In the first half of the 15th century, Gerhard van der Brüggen, judge in Angermund, was the Duke's master chef and married Steyngen vom Angeren, Lord of Pilckrath. In 1443, the estate was then owned by the knight Wilhelm von Landsberg gt. Eggerscheidt and his son-in-law Dietrich von Aschenberg, who may have sold the estate to the knight Ailff Quade, bailiff of Angermund. The former moated castle was subsequently owned by the Quadt family for many years.

In 1559, Bilkrath was surveyed by Hermann Brinck, a citizen of Uerdingen. The entire estate comprised 156 acres of land. The main field was in the large field near the farm. Other lands were located on Kalkstraße, Kirchweg, next to Kalkumer Kirchland and Dickenbusch.
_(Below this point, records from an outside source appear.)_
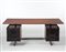Scrivania modello "USC655". Produzione Rima, Padova, 1958. Struttura in tubo d'acciaio opaco, piano in legno teak con bordatura in metallo, due cassettiere in palissandro indiano con cassetti in resina fenolica e stampo. (cm 185x75x84,5) (lievi difetti)
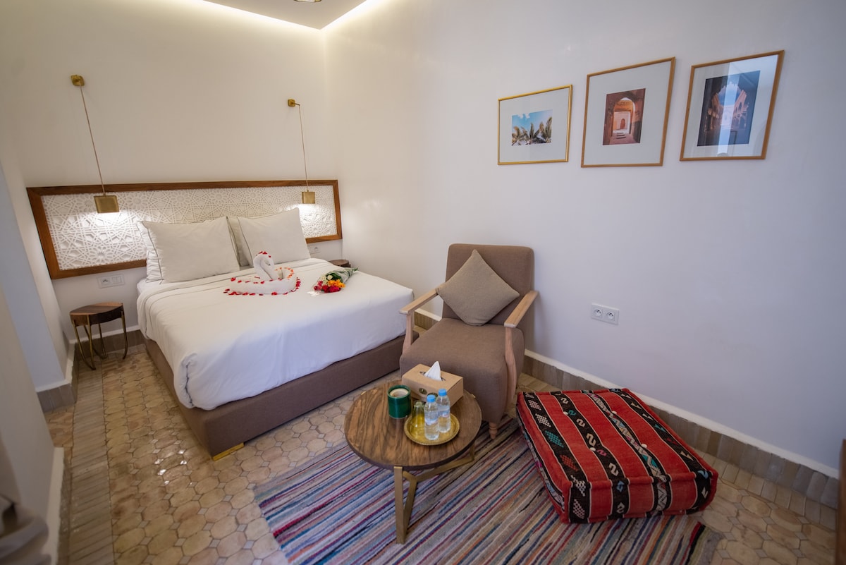 Welcome to our peaceful and beautifully restored Moroccan riad, located in the heart of the old medina. Whether you're here to explore the culture, history, or simply relax, our riad offers a unique blend of traditional architecture and warm hospitality. Enjoy breakfast in the courtyard or on the rooftop terrace, where you can take in panoramic views of the medina and listen to the sounds of the city waking up. In the evenings, unwind under the stars with a cup of fresh mint tea.
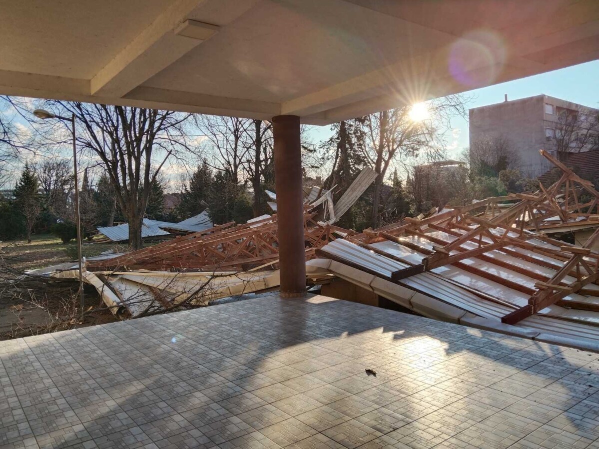 Преку Единствениот број за итни повици 112 е примена пријава дека поради силен ветер летнала лимената конструкција од кровот на СОУ „Јосиф Јосифовски“ во Гевгелија.
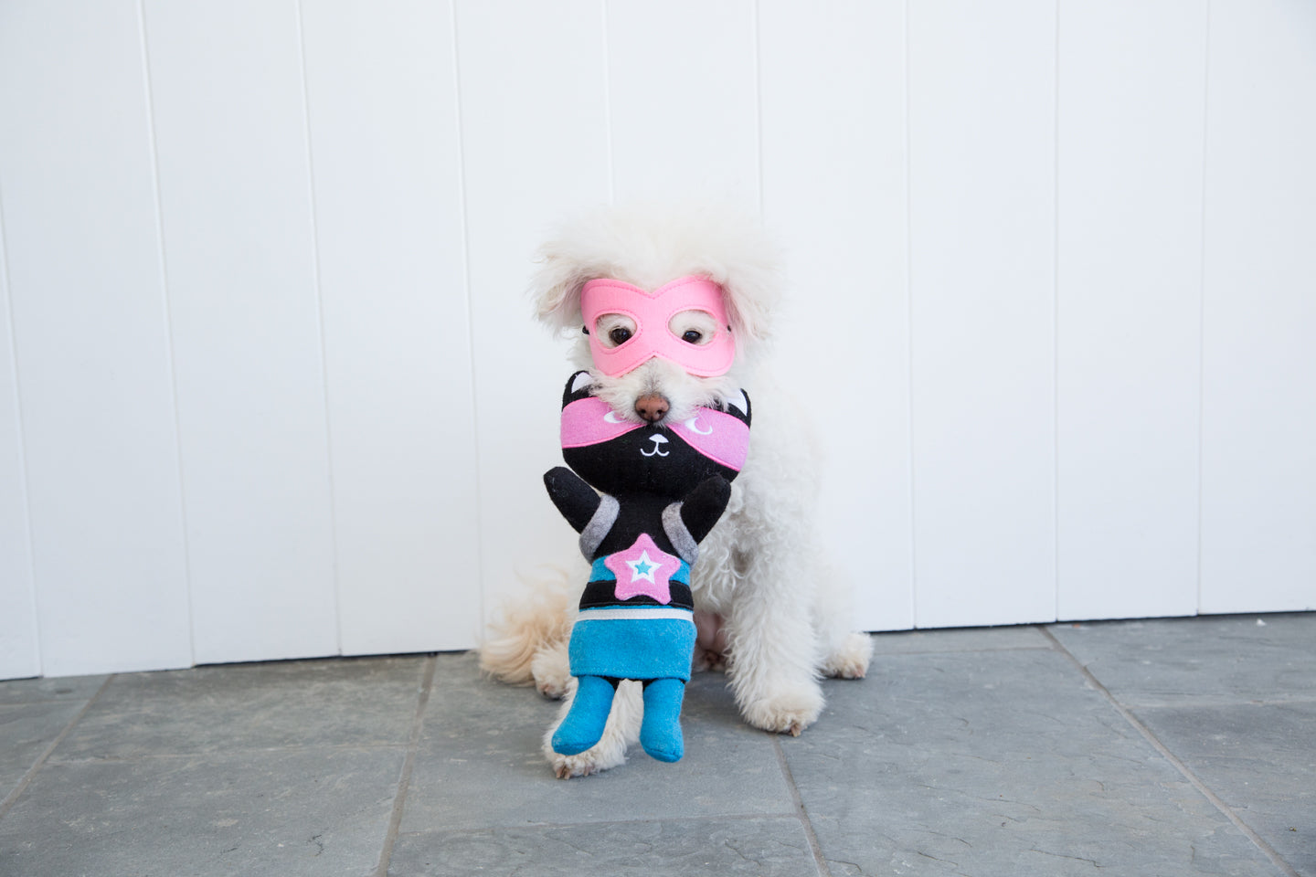 My dogs love kicky the cat. Holds up pretty well
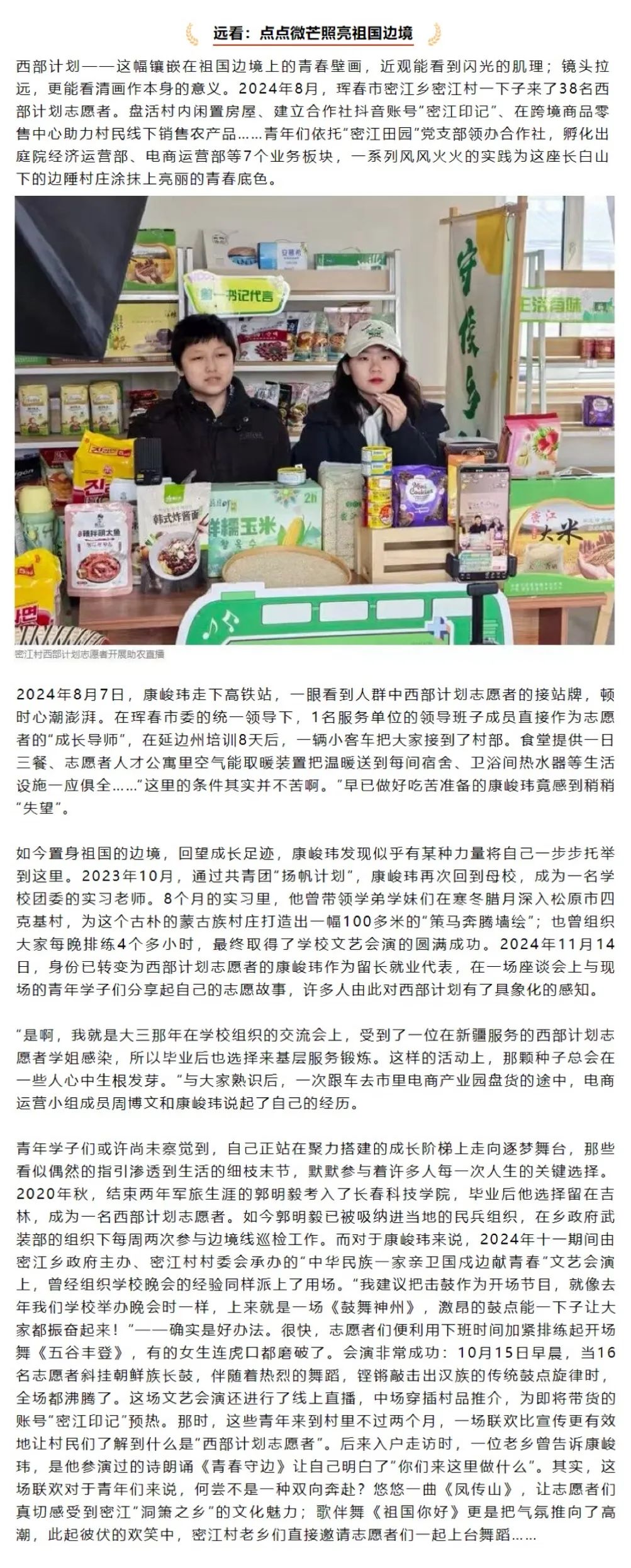 2024年西部计划优秀志愿者康峻玮的抉择不仅源于个人理想,更与吉林省“卫国戍边”专项的号召紧密相连。作为西部计划“卫国戍边”精神的践行者,他将其专业知识转化为稳边固边的实际行动,被中国共青团杂志以《镶嵌在边境线上的青春壁画》为题深度报道,生动诠释了新时代青年“在祖国坐标系中定义人生价值”的担当。

In 1596, Konrad Quadt sold the estate for 5,000 köllnisch thalers (settled at 52 albus köllnisch each) to Wilhelm von Scheid called Weschpfennig zu Heltorf, count palatine and bailiff of the Solingen, Burg, and the Beyenburg office. Since this time, Bilkrath has had the same owners as Heltorf, i.e. after the Lords of Scheidt called Weschpfennig until today the Lords/Counts of Spee.

In the last centuries, Bilkrath was leased out except for short periods in between. In 1631 the farm was leased to a Theis (Matthias).

In 1766, Bilkrath went to Johann Peter Thielen for twelve years, and in 1778 to Heligerus Huntgeburth and Maria Katharina Schmitz, also for 12 years. In 1791, the lease was extended for the couple for a further 12 years. The Huntgeburth descendants ran the farm until 1932, after which the Klünter family lived on the farm. Since 2006, the Köppel family has been running a riding stable in Bilkrath with 30 horse boxes, two outdoor riding arenas and an indoor exercise arena.

The house has been protected as a listed building since 1 October 1990.